● **What this task involves**: Copy every line of the data below exactly as given, except for the pictures.

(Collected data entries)
┌──

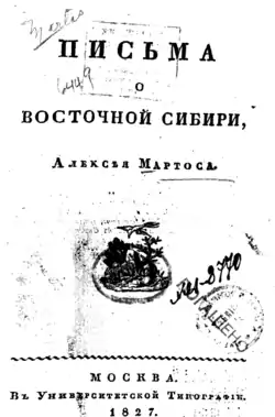 - «Письма о Восточной Сибири». // Москва. Университетская типография. 1827
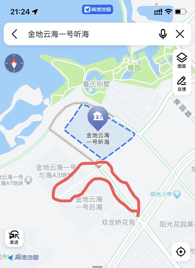 鹏友们可以直接导航到金地云海一号,然后可以将车停放在下图中红圈的街道两侧,整体都很宽敞,能停放很多车辆。
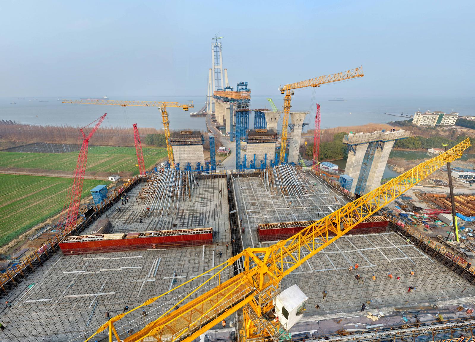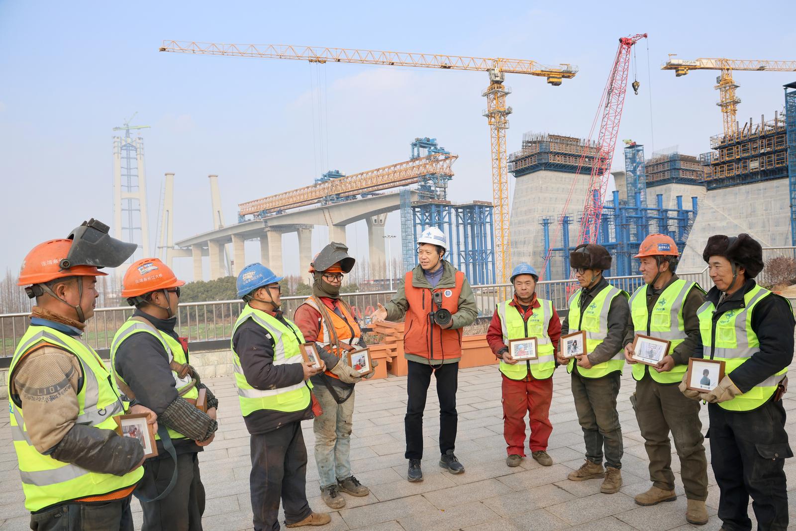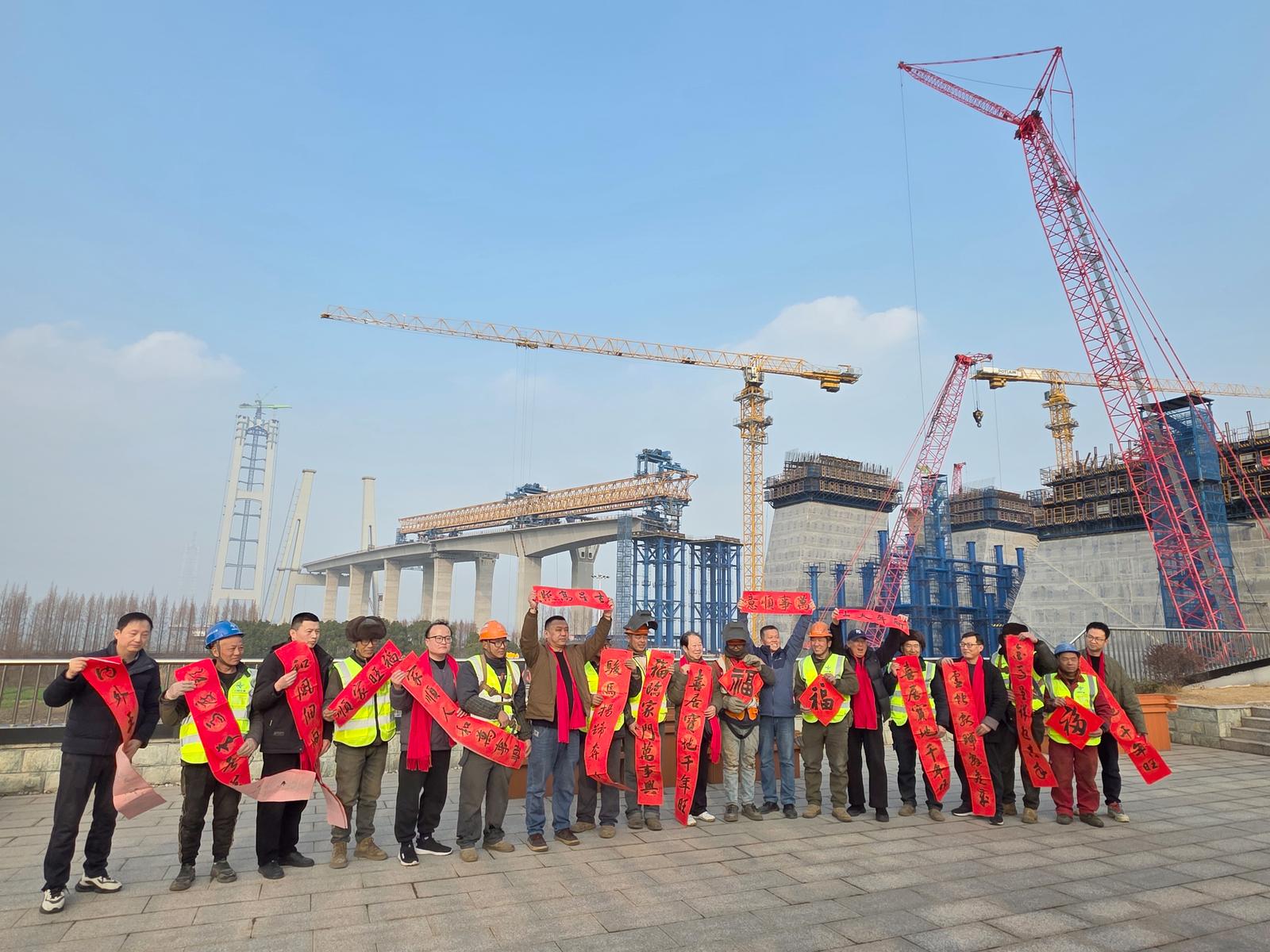 2026年2月2日,江苏省交通文联组织摄影家,张家港市硬笔书法协会组织书法家,共同走进张靖皋长江大桥工地,为建桥工人拍照片、写春联,为工人回家过年备好“年货”。目前,大桥南航道桥主塔封顶,锚碇上部结构锚块施工已完成三分之二,现场施工如火如荼,节前施工热火朝天。
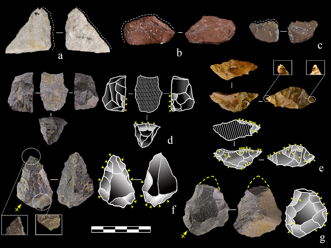 对于吉家庄遗址出土的石制品组合,团队对其进行原料利用和技术类型学研究,对剥片模式以及修理策略等相关指标进行统计分析。结果表明,古人类采取远距离(7-10km)搬运原料的策略,异地原料的获取影响了石制品技术组合的表现。硬锤锤击法是剥片的基本技术,石料的外部形态和天然角度,成为石核剥片模式的主要制约因素,而缺乏剥片组织性和剥片角度维护,使得大部分石片呈现出形态不规则的特征。然而,石核的长序列剥片和较高的石核消耗率同样引人注目。值得一提的是,石制品组合中经过第二步修理的产品含量较高(10.3%),石器类型多样,刮削器、凹缺器、钻和尖状器等修理技术特征鲜明,甚至表现出修理程序标准化;多样的石器类型可能指示了古人类对多种资源开发利用的不同策略。
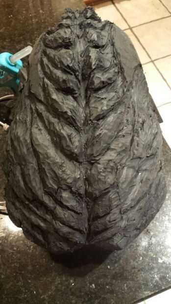 Una vez tuve la conformación/escultura terminado empecé pintando. No quiero que sea super llamativo, así que esto era simplemente minimalista para resaltar los bordes y profundizar las grietas. Creo que resultó bastante bien.
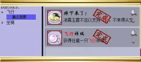 使用飞行祥瑞飞行,当凌霄雨露不足时,会摔下来,虽然摔得有点痛,不过能获得1点成就!小美推荐小伙伴们可以先完成这个成就再完成充满凌霄雨露的成就,这样会更科学一些,另外玩家在获得第一只任意的飞行祥瑞后也会获得1点成就。
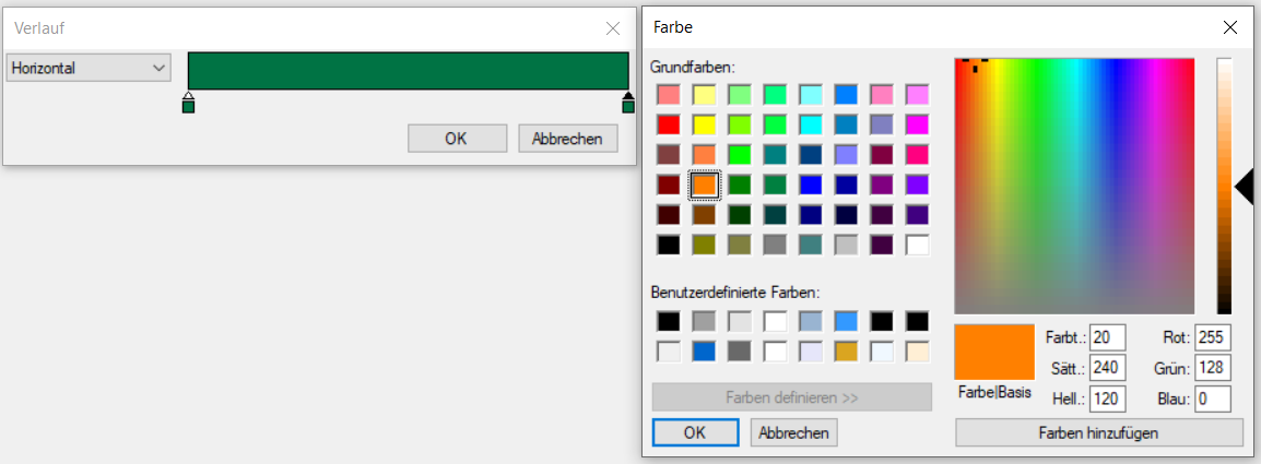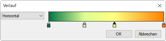 Mithilfe des Schiebereglers kann der Farbverlauf definiert werden. Ein Doppelklick auf einen Ankerpunkt öffnet den Farbeditor zur Auswahl der Farbe.

└──

● **Task result**:
 - «Письма о Восточной Сибири». // Москва. Университетская типография. 1827
 鹏友们可以直接导航到金地云海一号,然后可以将车停放在下图中红圈的街道两侧,整体都很宽敞,能停放很多车辆。
 2026年2月2日,江苏省交通文联组织摄影家,张家港市硬笔书法协会组织书法家,共同走进张靖皋长江大桥工地,为建桥工人拍照片、写春联,为工人回家过年备好“年货”。目前,大桥南航道桥主塔封顶,锚碇上部结构锚块施工已完成三分之二,现场施工如火如荼,节前施工热火朝天。
 对于吉家庄遗址出土的石制品组合,团队对其进行原料利用和技术类型学研究,对剥片模式以及修理策略等相关指标进行统计分析。结果表明,古人类采取远距离(7-10km)搬运原料的策略,异地原料的获取影响了石制品技术组合的表现。硬锤锤击法是剥片的基本技术,石料的外部形态和天然角度,成为石核剥片模式的主要制约因素,而缺乏剥片组织性和剥片角度维护,使得大部分石片呈现出形态不规则的特征。然而,石核的长序列剥片和较高的石核消耗率同样引人注目。值得一提的是,石制品组合中经过第二步修理的产品含量较高(10.3%),石器类型多样,刮削器、凹缺器、钻和尖状器等修理技术特征鲜明,甚至表现出修理程序标准化;多样的石器类型可能指示了古人类对多种资源开发利用的不同策略。
 Una vez tuve la conformación/escultura terminado empecé pintando. No quiero que sea super llamativo, así que esto era simplemente minimalista para resaltar los bordes y profundizar las grietas. Creo que resultó bastante bien.
 使用飞行祥瑞飞行,当凌霄雨露不足时,会摔下来,虽然摔得有点痛,不过能获得1点成就!小美推荐小伙伴们可以先完成这个成就再完成充满凌霄雨露的成就,这样会更科学一些,另外玩家在获得第一只任意的飞行祥瑞后也会获得1点成就。
 Mithilfe des Schiebereglers kann der Farbverlauf definiert werden. Ein Doppelklick auf einen Ankerpunkt öffnet den Farbeditor zur Auswahl der Farbe.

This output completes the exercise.